People that refuse to admit that bait kills more fish than lures simply don't fish much or simply will not admit what they are obviously observing if they do. This does not stop me from using bait. I love to jig with minnows, soak tip-ups and I am as spawn crusted as anyone, but I am at least conscious of what is going on and the impact I have and I understand there are management measures that need to be taken to balance out these impacts.


----------



## toto (Feb 16, 2000)

Probably so on the slack line issue but IF one wants to find the study to prove a point, I'm sure it's out there someplace. Having said that, the NRC could easily make a rule to stop the hook and forked branch crowd, wouldn't stop all of it, but a step in the right direction. If you want to combine issues, not saying you do but follow my logic. Chumming was banned due one study that showed sodium sulfate was harmful to small fish, but we have studies that show that outlawing bait fishing isn't the holy grail as once thought. It appears there is the study I mentioned and also a study showing population numbers, at least on the Ausable, at previous historical numbers. Therefore it should stand that 1) the chumming ban should be reversed 2) flies only fishing eliminated as science says these conservation methods are not needed or 3) both regs should be reverséd.


----------



## kzoofisher (Mar 6, 2011)

toto said:


> IF one wants to find the study to prove a point, I'm sure it's out there someplace.
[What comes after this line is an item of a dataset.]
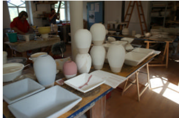
Vorbereitete glasierte Objekte für den Rakubrand

Als Besonderheit gilt das Brennen bei hohen Temperaturen im Steinzeugofen für absolut dichte, lebensmittelechte und säurefeste Objekte wie z.B. Vasen, Ess- und Trinkgeschirr oder auch Wannen für Zimmerbrunnen.

 No, there isn't and your claim that there is reflects a part of the attacks on science in general. You can claim the earth is flat and provide a *study* that shows it, but the study is BS and you haven't proven anything. Or a study can be an outlier and attempts to replicate it demonstrate a problem with random chance or methodology which is why the summary of 20+ studies above carries more significance. You can also misread a report and make an unsubstantiated claim based on that, which is what you have done here. The article REG linked is about leaving crank baits in pike. You extrapolate that to two sentences which are only tangentially related; one claiming that "active" fishing _can_ reduce mortality (by an unspecified amount) and another which claims a rate of 4.5% but without noting how many of those fish had hooks left in them. Attributing the 4.5% rate to both Schill and DuBois/Kuklinski is totally unwarranted and if you want to correlate all three studies you need to look them up and find the mortality rate for trout with hooks left in them as well as the mortality rate for the pike (not mentioned in the article).



toto said:


> also a study showing population numbers, at least on the Ausable, at previous historical numbers


 OK, I'll bite. Which historical numbers? From when the river was being heavily stocked? Before logging? And how does the recovery of a fishery mandate going back to practices that may have contributed to its decline? This is a very important question right now because it is at the heart of the discussion to allow commercial netting for walleye in Lake Huron.


----------



## vano397 (Sep 15, 2006)

I'll be a little tongue in cheek here, but are the non scientifically significant lower %'s of fish caught with fly over other artificials including chuck-n-duck???? cuz, I'd hope hook mortality on fish caught in the dorsal fin is pretty low! Might skew the results a little...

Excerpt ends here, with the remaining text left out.